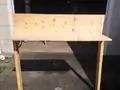 Armed with 8 4-foot long pieces of 1" by 12" pine, 6 3-foot long sections of 2x4, 70 1 3/4" wood screws, two sets of bits and drives, sandpaper, and two power drills, we set to work. We built half of the bottom and the back wall first, sinking screws through the pine board into the tops of two 2x4s in order to form the back legs of the dehydrator. Another pine board was attached to the bottom of the base in order to provide the attachment for the front half of the dehydrator floor, which was then attached using six wood screws. 2x4s were attached to the bottom of the front half of the dehydrator floor in the same method as before.
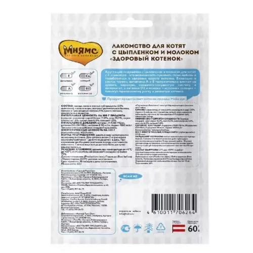 Подушечки Мнямс для котят являются питательной добавкой, способствующей правильному и гармоничному росту 🐾
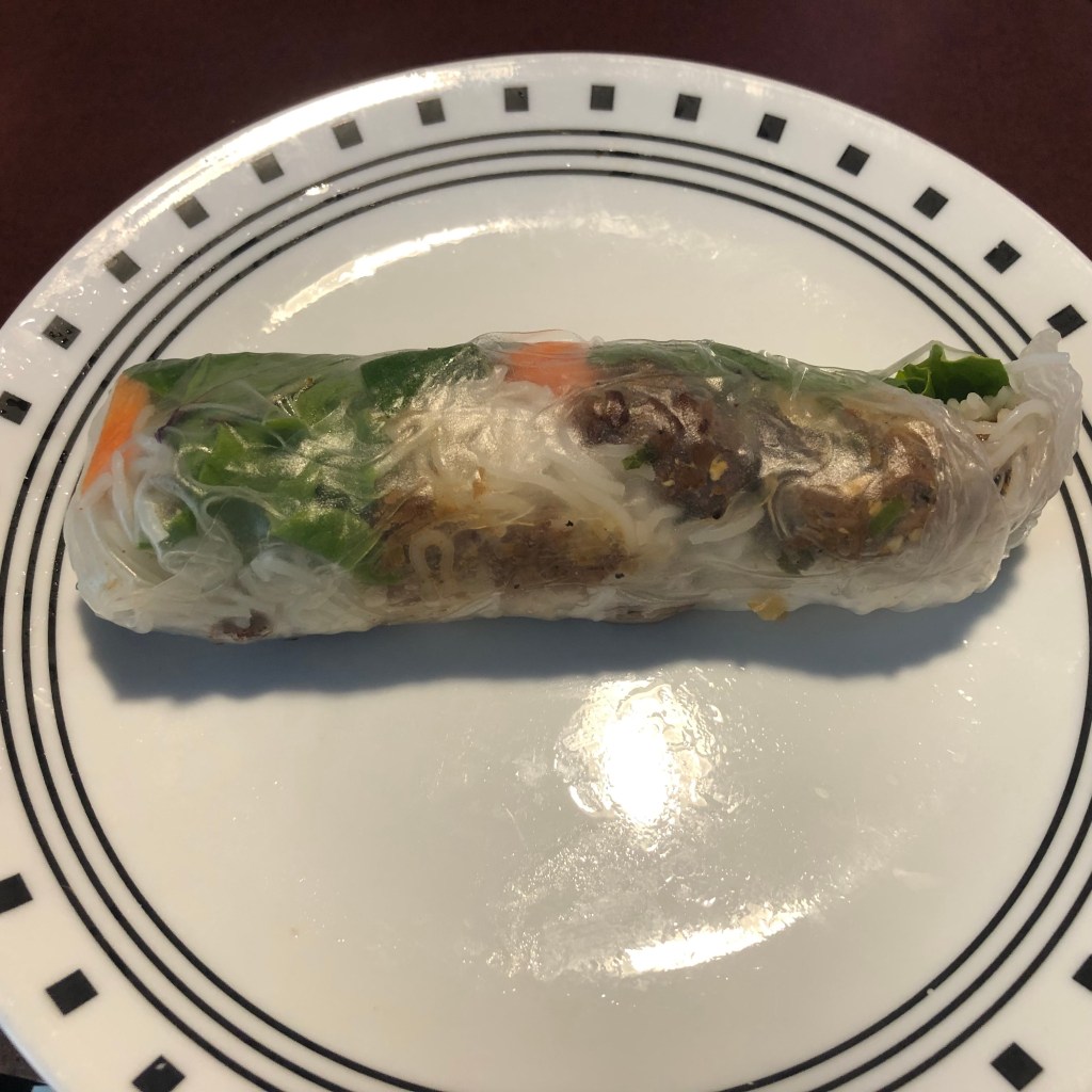 The pork spring rolls were hot, crunchy, and slender, resembling Romeo Y Julieta mini cigars. I could see minced carrots and noodles in the creamy filling. The nuoc cham (dipping sauce) wasn’t overly sweet, and the smell and taste of fish sauce were subtle.
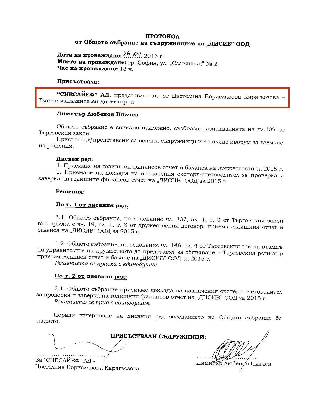 Относно единия от споменатите реализирани проекти с ветрогенератори - "Дисиб", преди време "Биволъ" разкри, че всъщност там е дружеството СИЕСАЙЕФ АД с акционер и главен изпълнителен директор Цветелина Бориславова.
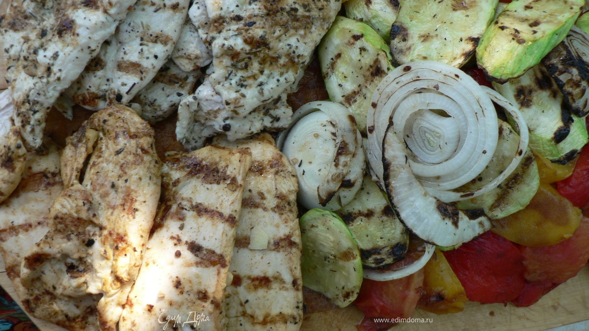 - Шаг 1Как следует разогреть гриль. И овощи, и филе хорошо обжаривать с двух сторон до образования яркого рисунка. Филе требуется для этого не более 2-3 минут на каждую сторону, кабачкам больше. Еще дольше готовиться лук (выкладывать прямо кольцами), перцы (до черноты обжарить со всех сторон, очистить, порезать) и помидор (поступить также, как с перцами, только предварительно наколоть вилкой).
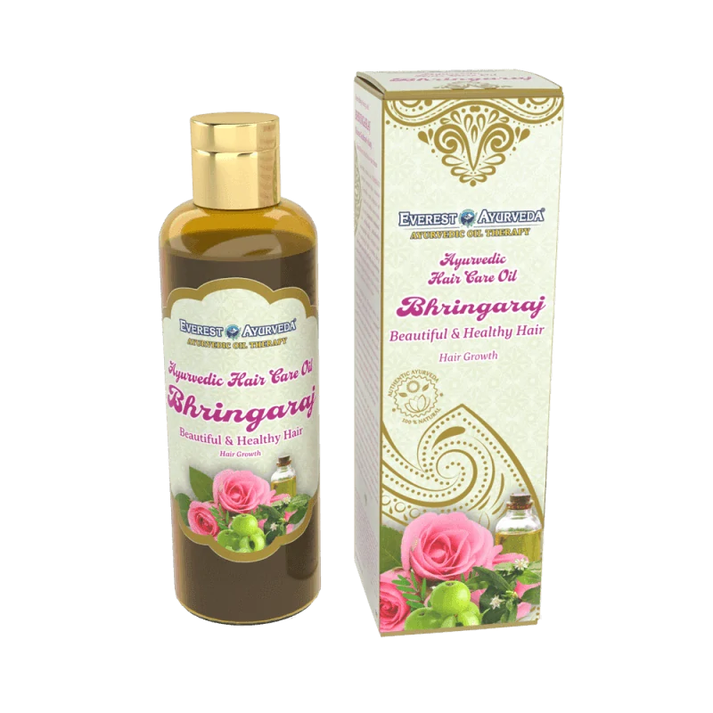 Tradiční ájurvédský olej Bhringaraj, známý jako „vládce vlasů“, působí jako tonikum či „rasájana“ na regeneraci vlasů. Pravidelné olejování a masáž pokožky hlavy neboli „murdha taila“ zlepšuje prokrvení vlasových kořínků, a tím posiluje růst vlasů. Hlava je sídlem mozku, nervového centra a smyslových orgánů. Proto péče o pokožku hlavy přináší také uvolnění psychického napětí, rozrušení a stresu. V případě akutní tenze v oblasti hlavy aplikujte několik kapek oleje do nosních dírek.

**EXERCISE GOAL:** Repeat every record above exactly, but leave out any pictures.

**TASK ANSWER:**
 Armed with 8 4-foot long pieces of 1" by 12" pine, 6 3-foot long sections of 2x4, 70 1 3/4" wood screws, two sets of bits and drives, sandpaper, and two power drills, we set to work. We built half of the bottom and the back wall first, sinking screws through the pine board into the tops of two 2x4s in order to form the back legs of the dehydrator. Another pine board was attached to the bottom of the base in order to provide the attachment for the front half of the dehydrator floor, which was then attached using six wood screws. 2x4s were attached to the bottom of the front half of the dehydrator floor in the same method as before.
 Подушечки Мнямс для котят являются питательной добавкой, способствующей правильному и гармоничному росту 🐾
 The pork spring rolls were hot, crunchy, and slender, resembling Romeo Y Julieta mini cigars. I could see minced carrots and noodles in the creamy filling. The nuoc cham (dipping sauce) wasn’t overly sweet, and the smell and taste of fish sauce were subtle.
 Относно единия от споменатите реализирани проекти с ветрогенератори - "Дисиб", преди време "Биволъ" разкри, че всъщност там е дружеството СИЕСАЙЕФ АД с акционер и главен изпълнителен директор Цветелина Бориславова.
 - Шаг 1Как следует разогреть гриль. И овощи, и филе хорошо обжаривать с двух сторон до образования яркого рисунка. Филе требуется для этого не более 2-3 минут на каждую сторону, кабачкам больше. Еще дольше готовиться лук (выкладывать прямо кольцами), перцы (до черноты обжарить со всех сторон, очистить, порезать) и помидор (поступить также, как с перцами, только предварительно наколоть вилкой).
 Tradiční ájurvédský olej Bhringaraj, známý jako „vládce vlasů“, působí jako tonikum či „rasájana“ na regeneraci vlasů. Pravidelné olejování a masáž pokožky hlavy neboli „murdha taila“ zlepšuje prokrvení vlasových kořínků, a tím posiluje růst vlasů. Hlava je sídlem mozku, nervového centra a smyslových orgánů. Proto péče o pokožku hlavy přináší také uvolnění psychického napětí, rozrušení a stresu. V případě akutní tenze v oblasti hlavy aplikujte několik kapek oleje do nosních dírek.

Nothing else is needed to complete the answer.